Thursday, 2 November 2017

Richard Flanagan - First Person


Rating: 2/5

Review:
Hard going



Although some of the final parts of First Person were pretty good, I found most of it very hard going.  It is the story of Kif, an aspiring writer who, through the need for money and his own ambition, reluctantly agrees to ghost-write the autobiography of Ziggy Heidl, who is awaiting trial as a colossal conman and thief on a scale approaching Bernard Madoff.  Heidl is utterly evasive and often a downright liar, so the project becomes almost impossible for Kif who also, somewhat implausibly, is drawn into his own dark identity crisis. 

First Person is written by a writer who is writing about a writer who is struggling to write, which should really have been enough to warn me off.  I read it because of Flanagan's reputation but frankly, I found most of it to be overwritten and rather tedious.  There is an awful lot of stuff like, "No graffiti had yet flowered on the grey concrete…nor damasked the umber and olive renders of the low-rise office buildings…" or "In the silence that followed silence followed," which simply irritated me and when, after 200 long pages, someone said of Kit's book, "Kif, there's interesting things here, but you need something to happen," I said "Exactly!" out loud and with considerable warmth.  And toward the end I raised a quizzical eyebrow at the irony of "Although I had nothing to say, I had read enough Australian literature to know this wasn't necessarily an impediment to authorship."

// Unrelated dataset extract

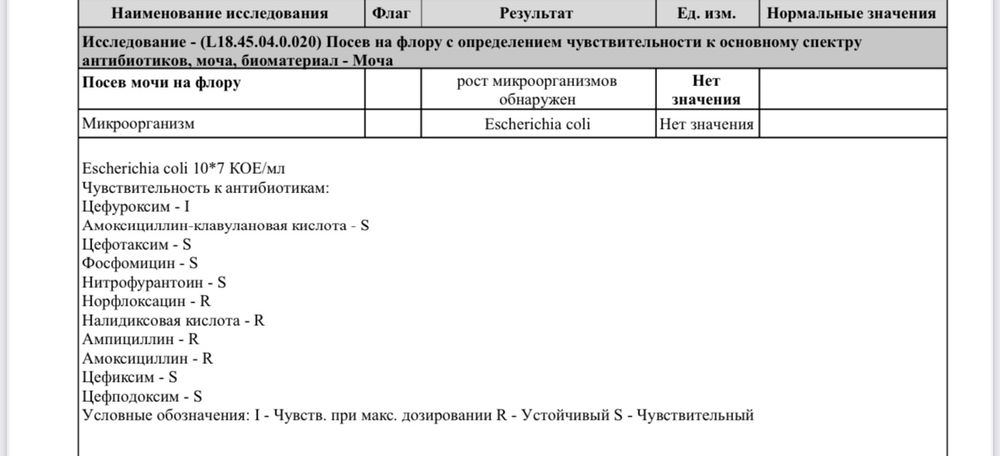 • Бакпосев мочи. Обнаружен рост микроорганизмов Escherichia coli

To be fair, the book does begin to pick up toward the end with some sharp observations about current attitudes to truth, deceit and dissimulation of several kinds, and also about cheap, self-important certainties, but it really was a struggle to get to this.  There is a great deal of Writing (capital W) but for me there was a good deal less here than meets the eye.  In the end, it's a book I was glad to have got out of the way, and I'm afraid I can't recommend it.